*Brief*: Repeat the records below exactly from the line containing "30 тур в один" to the line containing "11月18日,由高等学校国家", taking in both of those lines. Drop the pictures.

══════════

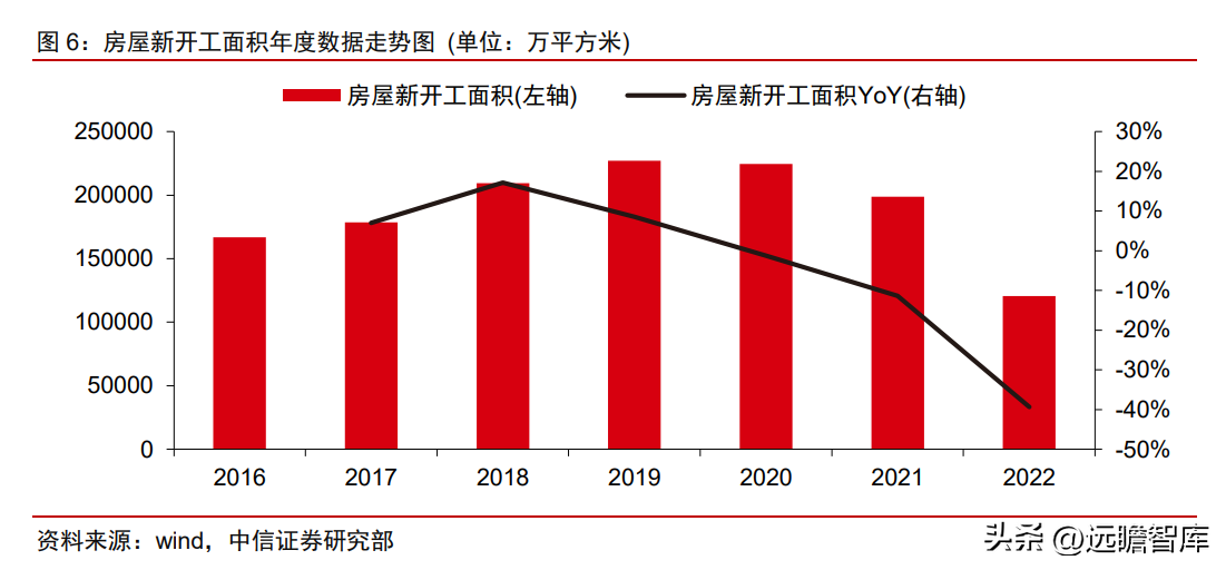 未来随着地产相关政策的不断松绑,跟2022年相比,预计2023年地产新开工面积同比有望改善;中信证券研究部地产组的预测2023年地产新开工面积将同比持平。
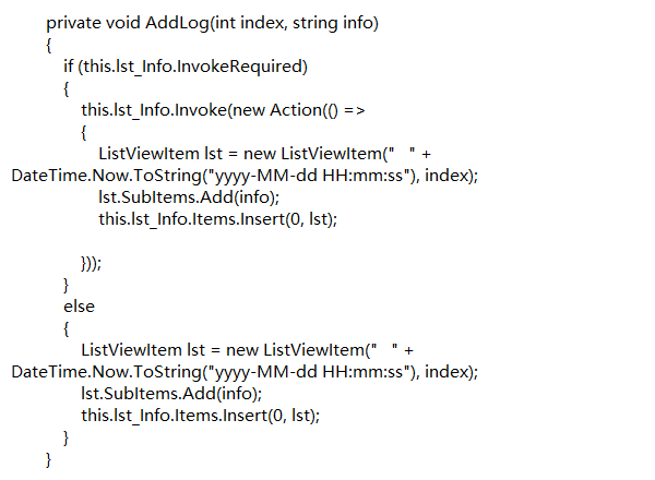 3、实时日志显示:系统运行过程中的各种状态都将通过日志的形式进行展示,这里采用ListView+委托的方式来实现,代码如下所示:
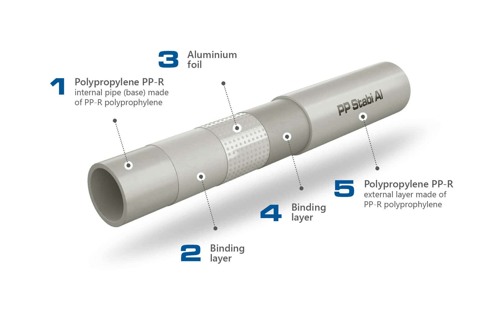 PP Stabi pipes, where a layer of aluminium tape is used to strengthen the pipe as part of its structure. Pipes of this type, due to the their low coefficient of thermal expansion, are most often used for installations with a high temperature of the transported medium, e.g. central
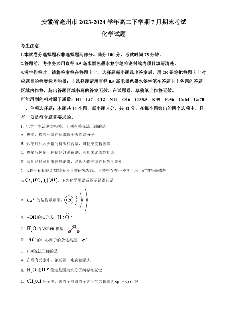 安徽省亳州市2023-2024学年高二下学期7月期末考试化学+答案
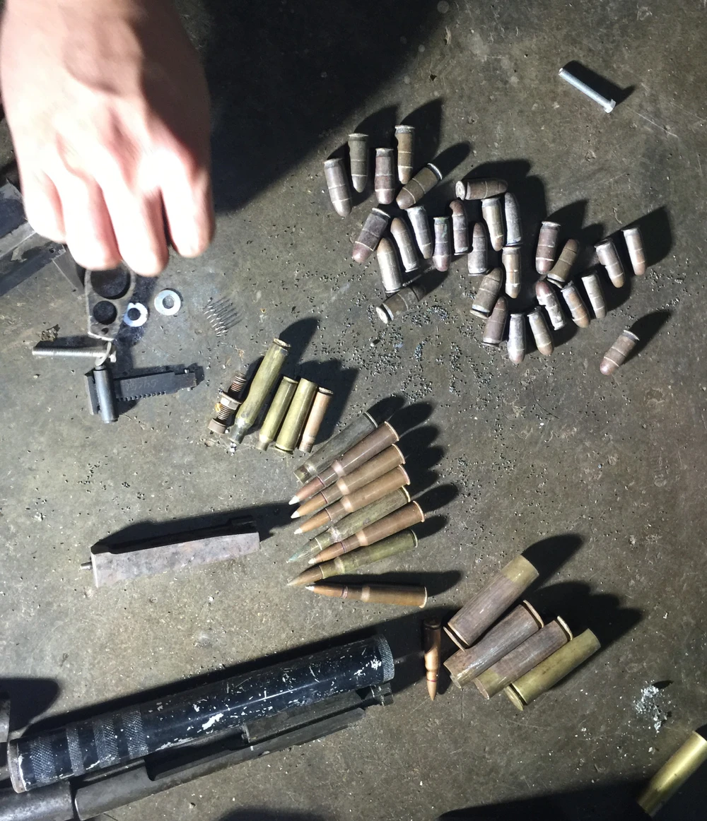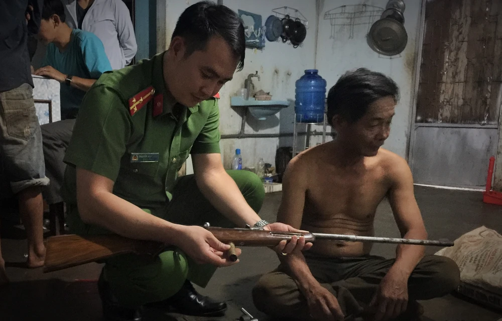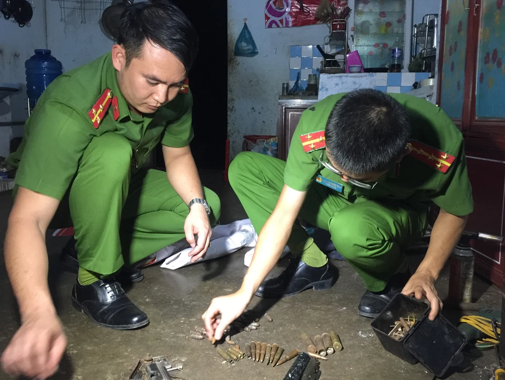 Công an đã kiểm đếm, lập biên bản thu giữ bảy khẩu súng gồm súng hơi, súng klip, súng thể thao; hàng trăm viên đạn, đầu đạn, nhiều báng súng, linh kiện của các loại súng; một chai thuốc bồi và máy móc để chế tạo, sửa chữa súng đạn.
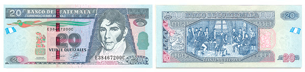 ![]() | 20 케찰 | 파란색 | 마리아노 갈베스(Mariano Gálvez), 중앙아메리카 연방 공화국 시대 과테말라 국가 원수 | 중앙아메리카 독립 선언 서명 장면 | ||
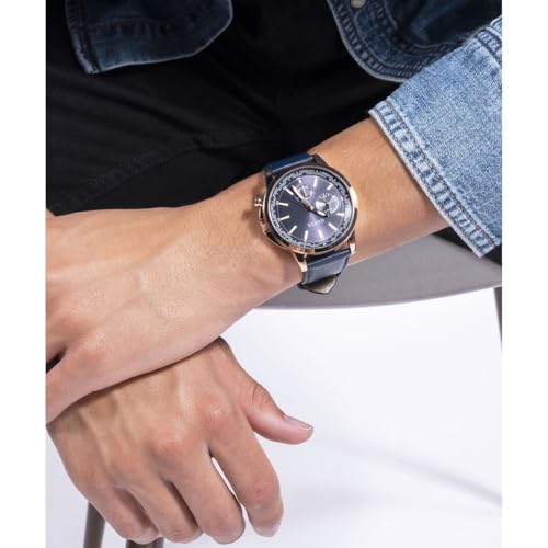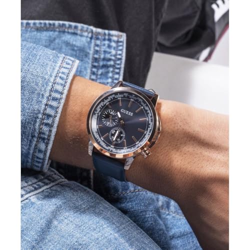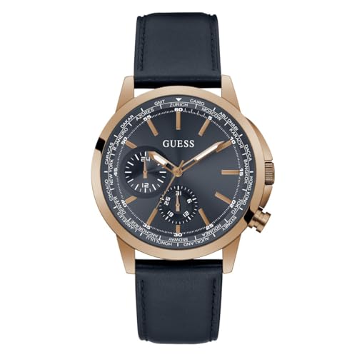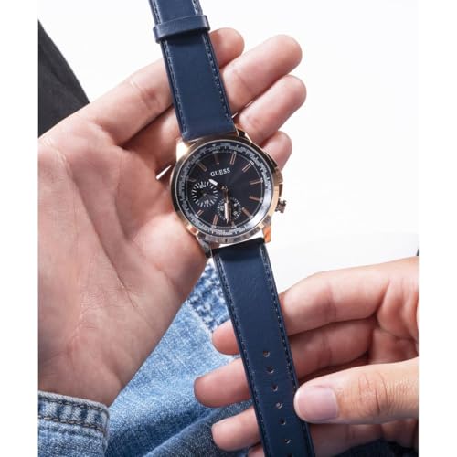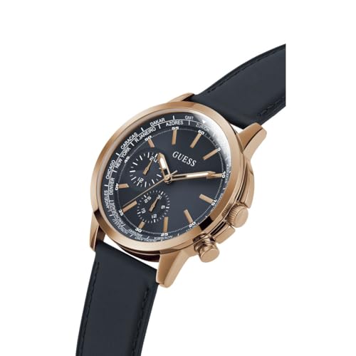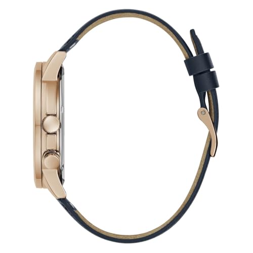 GUESS - ساعة يو اس للرجال بلون ذهبي وردي وجلد كحلي متعددة الوظائف
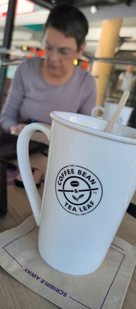 Das Zimmer ist wie befürchtet noch nicht fertig, aber wenigstens können wir die Schuhe aus und Sandalen anziehen. Dann geht’s wieder raus. Erstmal nen Café.
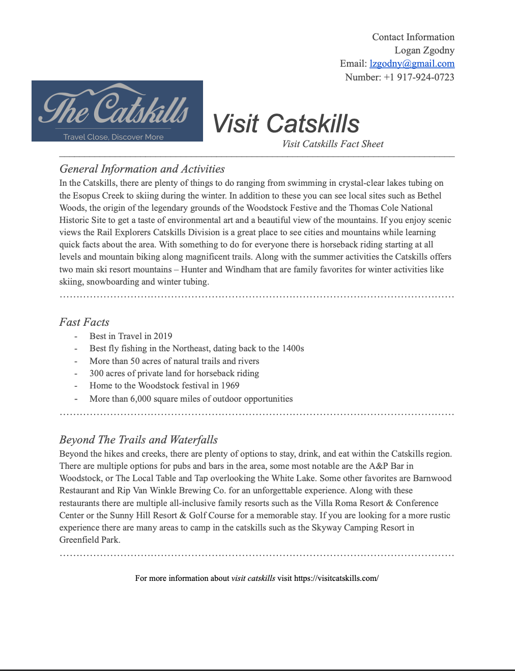 Here is a mock Fact Sheet for the company Visit Catskills that was done in my PR writing class.
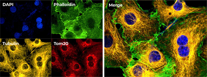 Красители: DAPI (синий), GFAP-488 (зеленый), Lectin-562 (желтый), GABA-647 (красный)
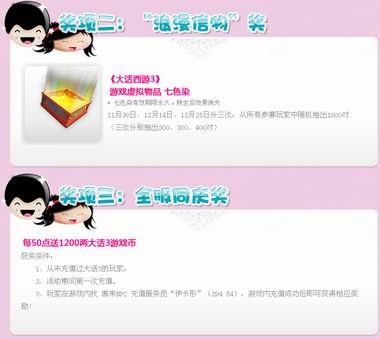 “结情大话,浪漫欧洲”刚刚开始2周,就得到了大话玩家和旅游达人们都热烈追捧!大话网络结婚证铺天盖地的飘洒过来!而第一批的浪漫大奖也在这个火爆而又浪漫的气氛中诞生啦!!大话3玩家"嗜血圣君"、"嗜血冰蓝"将享受阳光、沙滩、椰林的海南游,300对大话3玩家彼此交换“浪漫信物——七色染”![《大话西游3(专题 截图 搜狗)》游戏虚拟物品“七色染”获奖名单,请查询。12月5日系统维护后也将通过游戏内系统邮件的方式通知获得“七色染”的各位玩家。]
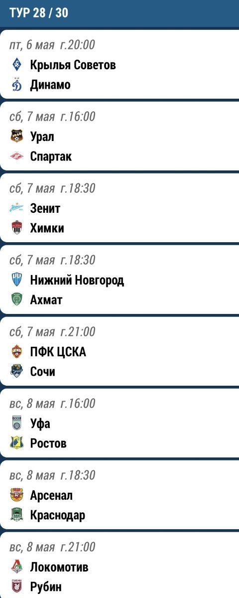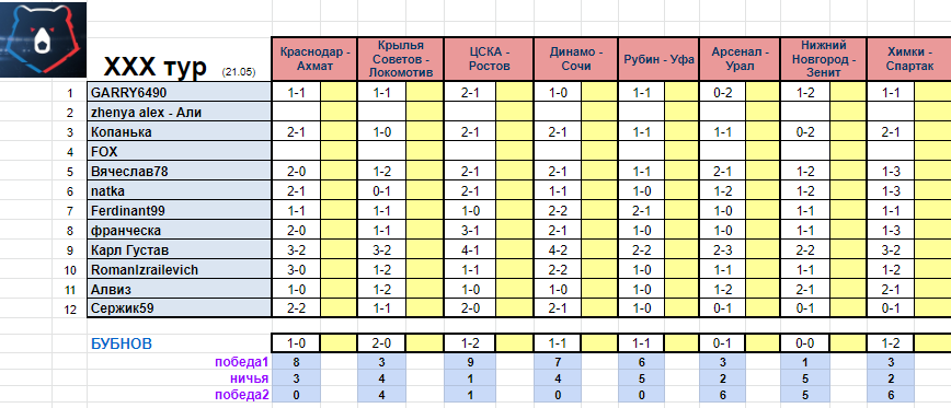30 тур в один день 21 мая!!! не опаздывайте с прогнозами, лучше до 12 субботы, потом я буду занята ?
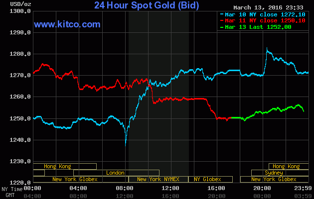Chốt phiên giao dịch cuối tuần trước (Thứ Sáu ngày 11/03), giá vàng giao tháng Tư trên sàn Comex tại Sở giao dịch New York Mercantile giảm mạnh $13,40 (-1,1%) xuống đóng cửa ở $1.259,40/oz, tương ứng giảm tổng cộng 0,9% trong cả tuần.
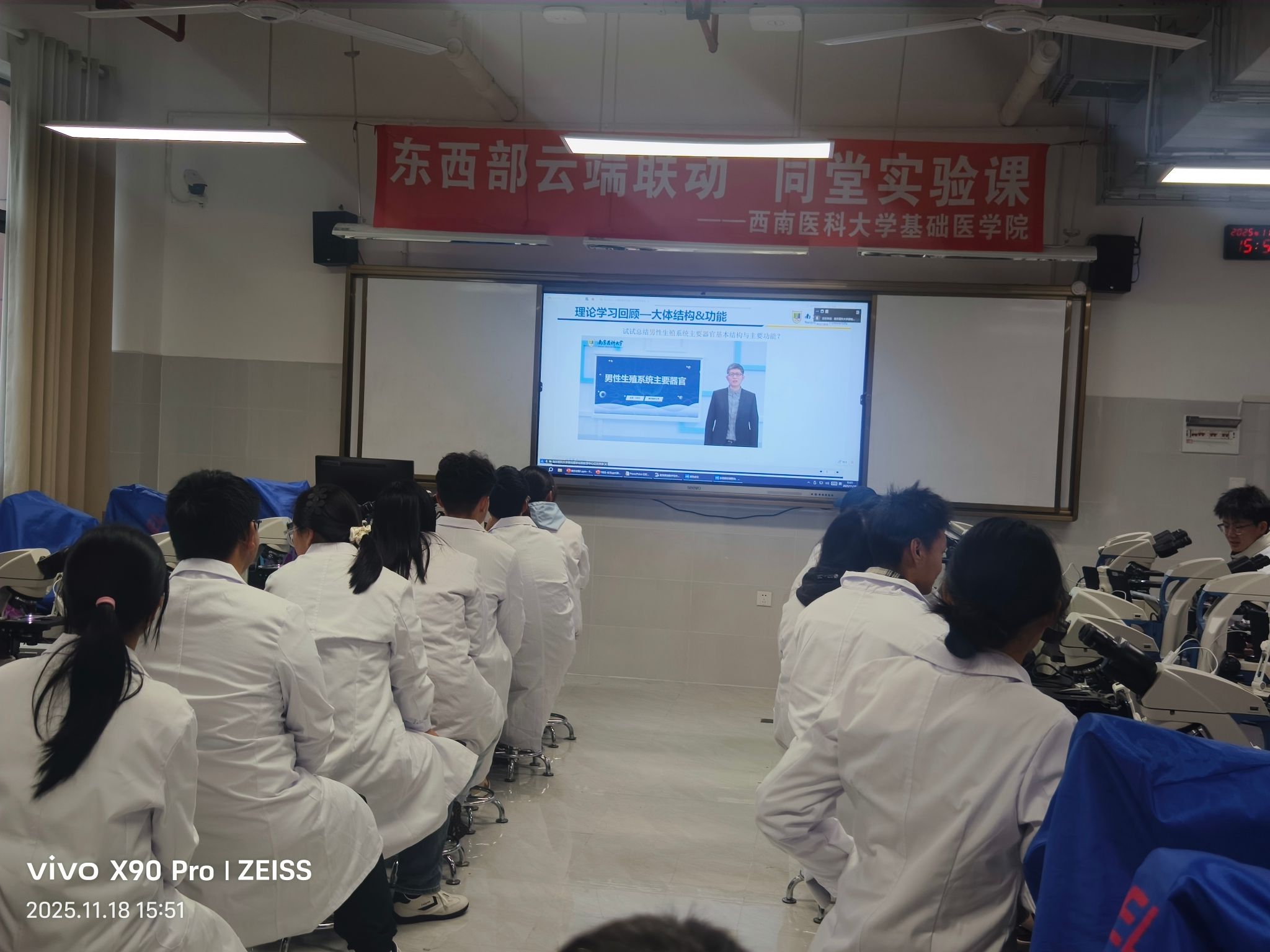 11月18日,由高等学校国家级实验教学示范中心联席会、高等医药院校实验教学中心信息化建设联盟、虚拟仿真实验教学创新联盟基础医学专业工作委员会联合主办,南京医科大学承办的“东西部高校云端联动,同堂实验课(第六期)”正式开讲。本次活动以“男性生殖系统切片观察及精子发生虚拟仿真实验”为主题,通过线上线下相结合的方式,实现了九所东西部高校的同步教学与深度互动。我校作为重要参与院校之一,在思源楼形态学322互动实验室设置同步课堂,基础医学院院长谭晓秋、党委书记阳静、分管教学副院长曾永秋,以及教务科、教研室教师代表与2025级基础医学专业“祖德班”全体学生共同参与此次云端教学盛宴。
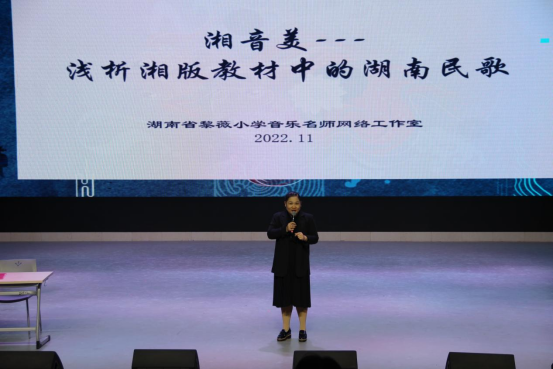 《湖南民歌研习》为省级一流艺术类社会实践课程,为体现课程教学特色,多元化教师授课模式,11月3日晚,我校音乐学院邀请到了湖南黎薇小学音乐名师网络工作室首席名师,长沙市首批、第四批卓越教师黎薇,为音乐学院2019级同学们开展专题讲座:《湘音美——浅析湘版教材中的湖南民歌》。该课程将原有的分班分教室授课模式换为11个班线上线下混合式授课,活动过程严格按照疫情防控要求开展。
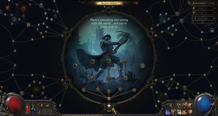 ตัวเกมในช่วง Early Access นี้จะมีให้เลือกทั้งหมด 6 อาชีพด้วยกัน และแต่ละอาชีพจะสามารถเลื่อนขั้นอาชีพแยกย่อยไปได้อีก 2 อย่าง การเลือกอาชีพไม่ใช่ข้อจำกัด แต่เป็นแนวทางในการปั้นตัวละคร เพราะสามารถเลือกใช้สกิลของอาชีพไหนก็ได้ ขอแค่ค่า Stat ของเราถึงแต้มที่กำหนดไว้ก็พอ และที่สำคัญก็คือภายในเกมจะมีสิ่งที่เรียกว่า Passive Tree เป็นรากฐานเพิ่มความสามารถให้กับตัวละครของเรา แต่ละจุดที่อัพลงไปก็จะเพิ่มความสามารถต่างๆ ให้กับตัวละคร ซึ่งเราจะได้รับแต้มการอัพ Passive Tree นี้มาทุกครั้งที่เลเวลอัพ หรือผ่านภารกิจบางอย่าง โดยตัว Passive Tree นี้จะมีขนาดใหญ่มาก มีจุดให้เลือกอัพมากกว่า 1,500 จุดด้วยกัน แต่เราจะสามารถอัพได้สูงสุดที่ 122 แต้ม ทำให้เกิดความหลากหลายให้การสร้างตัวละคร 1 ตัวขึ้นมา
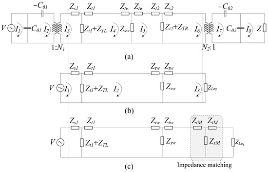 (a) Mason’s one-dimensional equivalent circuit; (b) simplified diagram of Mason’s one-dimensional equivalent circuit; (c) Mason’s one-dimensional equivalent circuit with impedance matching.
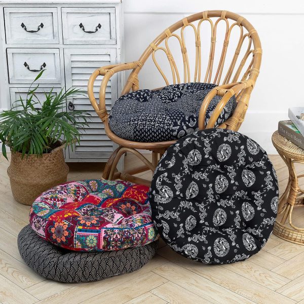 Floor Pillow,Dragon Pattern Pillow Round Seat Cushion Yoga Cushion India Seating Pad for Living Room Bedroom Balcony Garden Party Decoration,Black,22×22 Inch
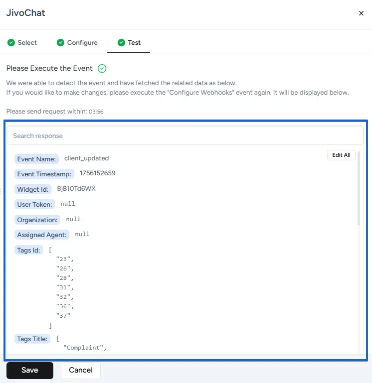 Ottokit will listen for this event. Once received, it will display the data it fetched from JivoChat, confirming a successful connection. Click Save.

══════════

*Solution to the exercise*:
30 тур в один день 21 мая!!! не опаздывайте с прогнозами, лучше до 12 субботы, потом я буду занята ?
Chốt phiên giao dịch cuối tuần trước (Thứ Sáu ngày 11/03), giá vàng giao tháng Tư trên sàn Comex tại Sở giao dịch New York Mercantile giảm mạnh $13,40 (-1,1%) xuống đóng cửa ở $1.259,40/oz, tương ứng giảm tổng cộng 0,9% trong cả tuần.
 11月18日,由高等学校国家级实验教学示范中心联席会、高等医药院校实验教学中心信息化建设联盟、虚拟仿真实验教学创新联盟基础医学专业工作委员会联合主办,南京医科大学承办的“东西部高校云端联动,同堂实验课(第六期)”正式开讲。本次活动以“男性生殖系统切片观察及精子发生虚拟仿真实验”为主题,通过线上线下相结合的方式,实现了九所东西部高校的同步教学与深度互动。我校作为重要参与院校之一,在思源楼形态学322互动实验室设置同步课堂,基础医学院院长谭晓秋、党委书记阳静、分管教学副院长曾永秋,以及教务科、教研室教师代表与2025级基础医学专业“祖德班”全体学生共同参与此次云端教学盛宴。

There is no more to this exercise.